Australia wasn’t a fluke. Ferrari are back.
The safety car period caused by Giovinazzi’s second crash in two days handed the win to Lewis Hamilton. Mercedes were definitely stronger this weekend. They had the pace to at least match the speed of Ferrari.
Ferrari were the headline act of this weekend though. They really do look as though they are going to be able to make some kind of return to Championship contention.
Vettel took the upper hand by pitting early for slick tyres. That decision would have put him firmly in the running for the win. Lewis said after the race that he felt the intermediate tyres were still the best tyre at that moment, but the times that were being set by the dry tyres certainly didn’t back up that claim. I think Seb would have been close, if not ahead, had the safety car not come out. Unfortunately for him, the time he would have gained by pitting under the VSC turned into time lost as his rivals were able pit under the safety car.
Ferrari have been lambasted in recent times for being to reactive in their race strategy. A number of poor decisions have cost the team numerous race winning opportunities. They appear to have left all that behind them this season. Their performance in Melbourne was flawless, the car was fundamentally quicker, however the decision to pit early in China could have been a race winning move. Ferrari are certainly sending a strong message.
An organic battle at the front.
The ineffectiveness of DRS was a blessing on this race. There was a lot said about the amount of overtaking we have seen at this circuit over the last couple of years. For me, the ridiculous amount of DRS assisted passes at the hairpin, or should I say before the hairpin, do not count.
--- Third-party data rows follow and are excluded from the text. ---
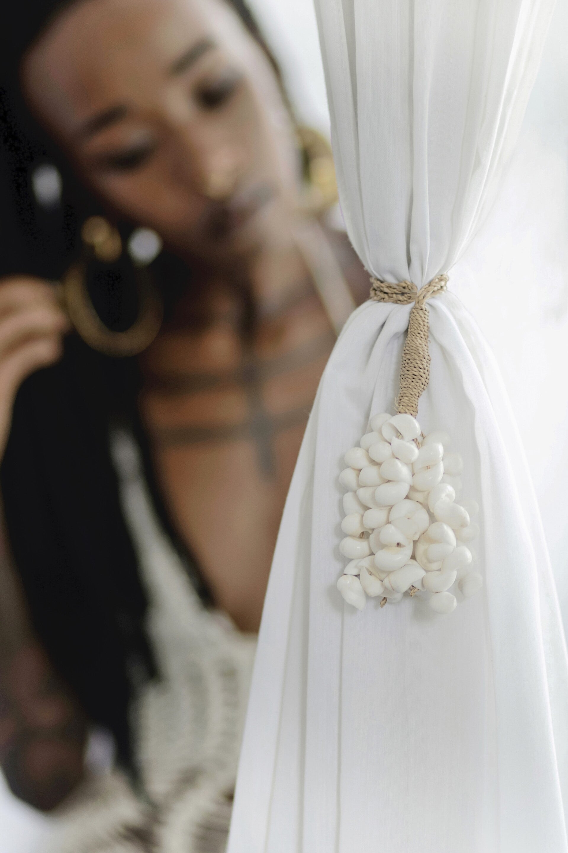 Prachtige handgemaakte schelpenhanger uit Bali bestaande uit een cluster van vele witte schelpjes. Deze hanger geeft uw interieur onmiddellijk een Coastal en Boho Chic gevoel. Knap als decoratie !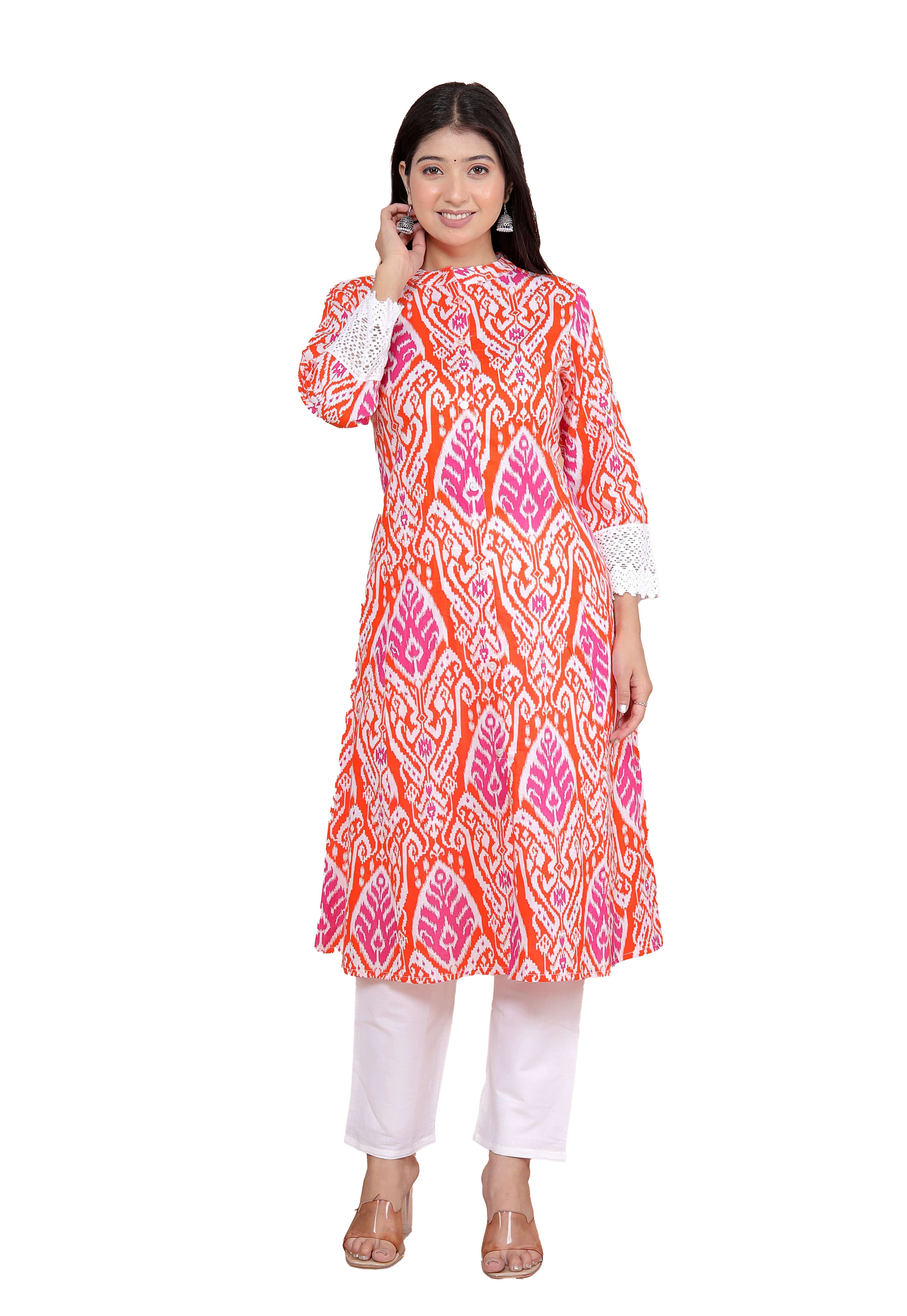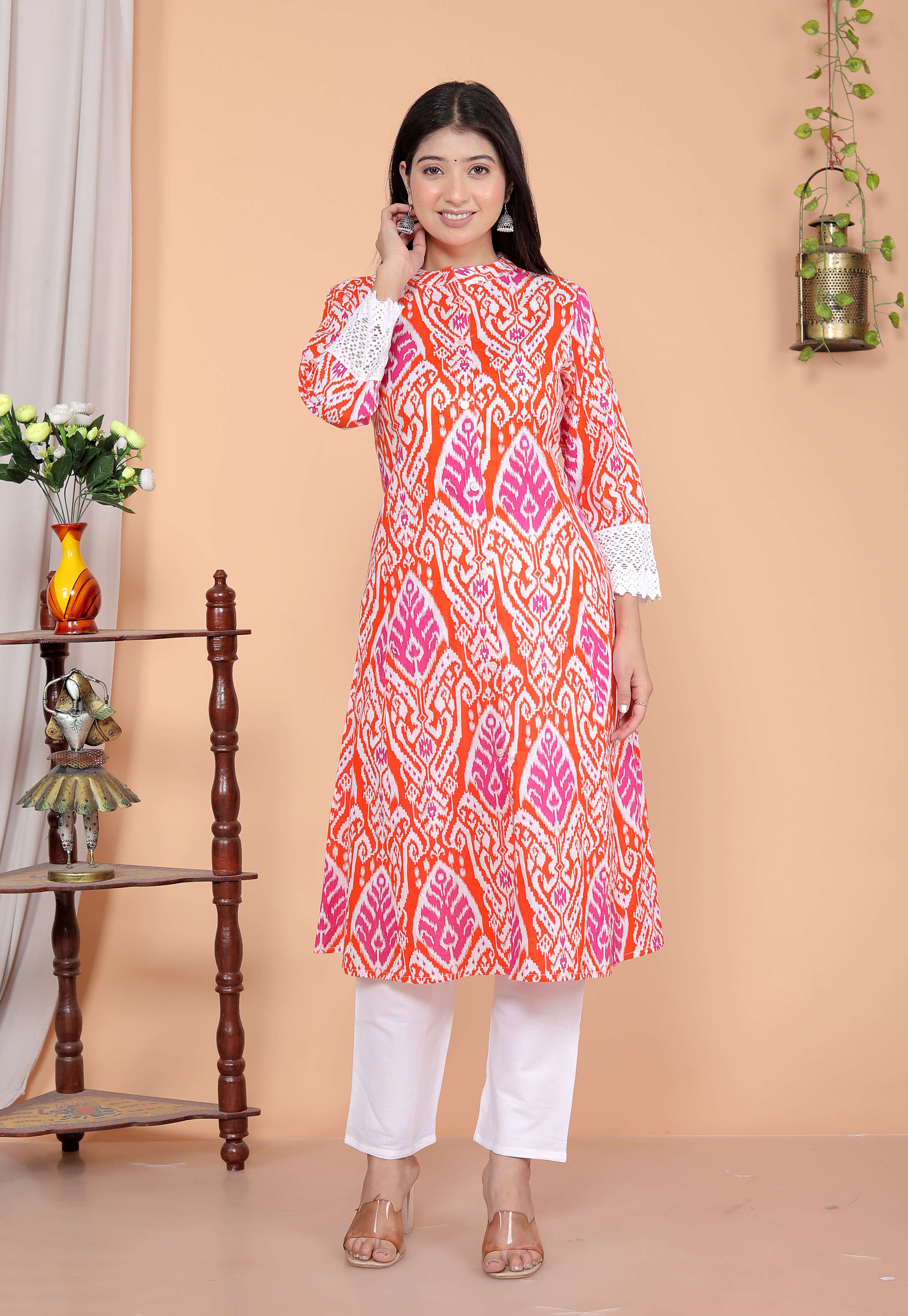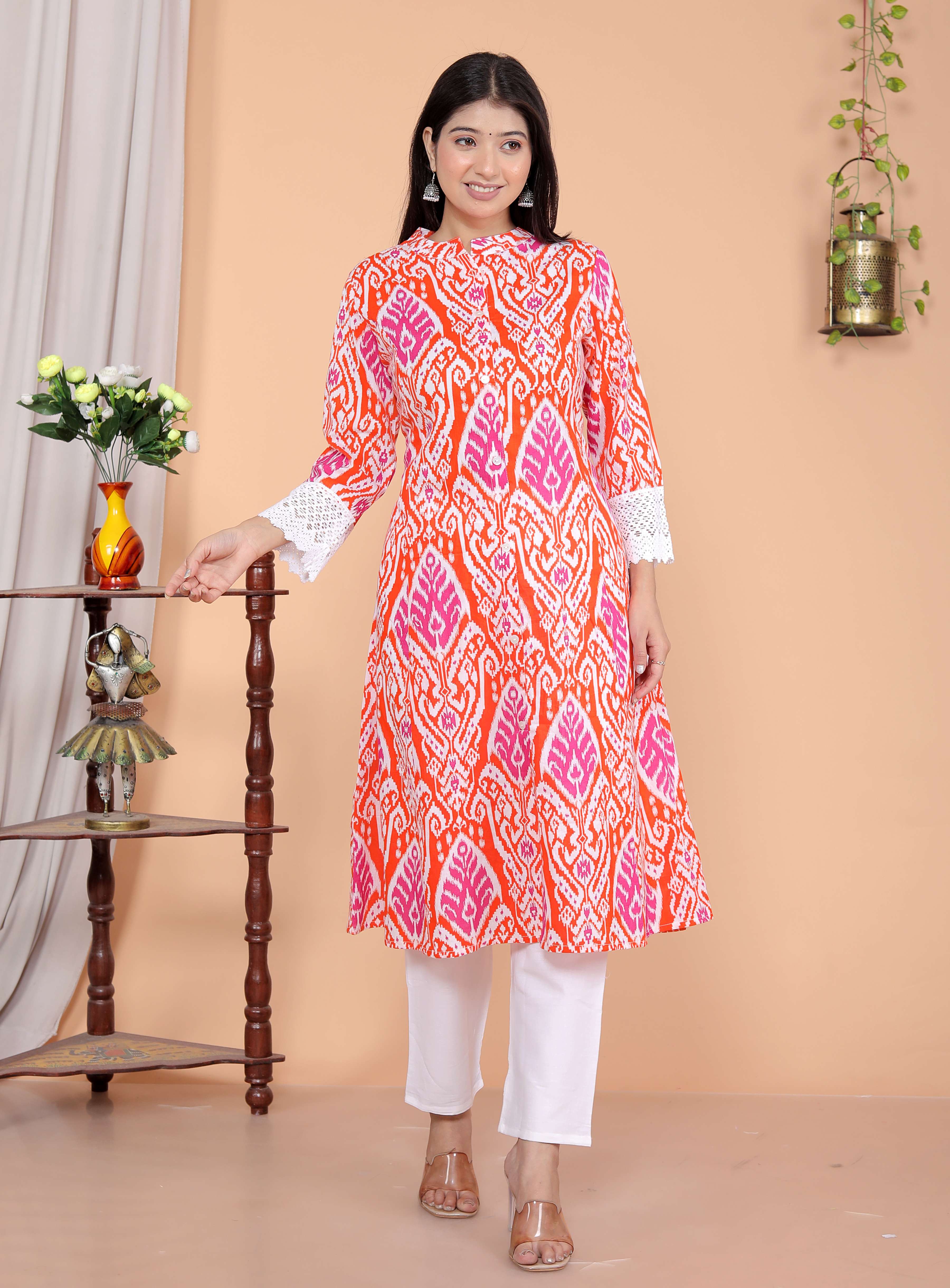 Women's Cotton Printed Mandarin Collar A-Line Kurti with Pant (Orange)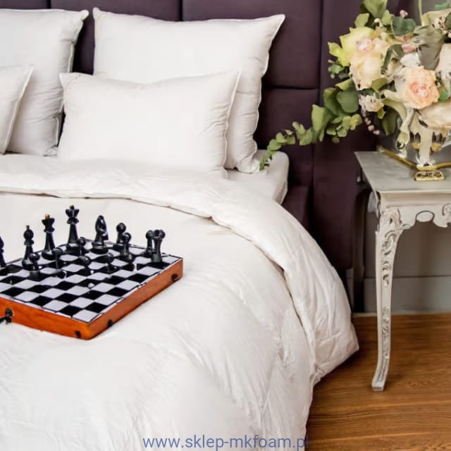 Wypełnienie kołdry z 100% gęsiego puchu klasy eksportowej otacza delikatnością, a poszewka z mako-bawełny dodaje kołdrze luksusowego charakteru. Idealna do sypialni, w której panuje temperatura 20-22°C.

This year, the DRS does not seem to be having the same effect thanks to these hugely draggy new cars. And so the back straight did not provide the guaranteed overtakes it has done in the past.
It was therefore up to the drivers to be more creative with their overtaking. Thankfully, these new tyres are up to the task. The significant moment in this race was when Vettel found himself behind team mate Raikkonen and Ricciardo’s Red Bull. Raikkonen made little to no progress over a number of laps and it was becoming a frustrating scene.
That was until Sebastian fought his way past Kimi with a seriously impressive move at the action packed Turn 6. Once he was ahead, that three car battle changed completely. The extra aggression that Vettel showed was so obvious, his car was visibly more on edge than Kimi’s had been. He was able to force his way past the Red Bull within a couple of laps. It was real racing, and Vettel proved right there that, with enough speed and enough aggression, it is possible to overtake in these cars.
It was also extremely refreshing to have all this action taking place at the very front of the field. We had 161 overtakes in China last year, but there was very little in the way of action at the front. I think it showed that the fights for the positions that matter will always be more hard fought.
Max Verstappen put his name in the headlines yet again. The driver of the day flourished in unpredictable conditions to achieve another excellent result in a career that is glowing brighter and brighter. His overtaking is supreme, although I did wince when he moved to defend from Ricciardo on the final lap. An accident there would have set him back somewhat.
Verstappen’s ex-team mate, Carlos Sainz was the other man who really impressed this weekend. The decision to start on dry tyres helped him to achieve best of the rest status, as position I think he will hold for the rest of the season. He showed good pace, and was a way ahead of the squabble for points.
Valtteri Bottas’ race was unfortunate. We have since seen Verstappen and others get away with very similar mistakes behind the safety car. He did well to regain some composure, but its a race to forget for the Finn.
Kimi Raikkonen was still a long way off the pace of his team mate. The difference between the Iceman and Vettel was so strikingly obvious, it doesn’t seem as though Kimi has anything in the bag to reach the next level of performance. I’m really hoping he can get a foothold in this season soon.
Another double retirement for McLaren is about as good as they could have hoped for. This car is as bad as it has ever been. Alonso is driving for the sake of it at the moment. There is a forlorn loss to his driving. Simply going about his business, outperforming the car by 5 seconds a lap and waiting for it to break.
Palmer has work to do.
Some hard criticism of Jolyon Palmer was a little harsh in my opinion. He has not had that most impressive Formula 1 career, but his credentials in the lower levels are more than good enough to warrant a place on the grid. Unfortunately, he is yet to complete a clean weekend this season.
A costly mistake in Melbourne required his car to be rebuilt. As a consequence, he struggled for the entire race having been unable to perfect his set up. Meanwhile in China, everyone missed out on Friday’s running. Jolyon was then affected by the yellow flags in Qualifying which knocked him out in Q1. It was another mistake which caused him more problems. I do agree with the stewards decision to penalise him for his failure to slow down sufficiently. One area that does need to be clamped down on is the slowing under yellow flags. He eventually did well to finish just behind his team mate, lapping very similar times.
Jolyon will need to iron out those mistakes quickly now though. He needs to get his head down and keep it clean in Bahrain. With a team mate like Nico Hulkenberg pushing for points, anything less that will be seen as a failure by the bosses at Renault. Points were the target, and points are going to have to start arriving soon for this team.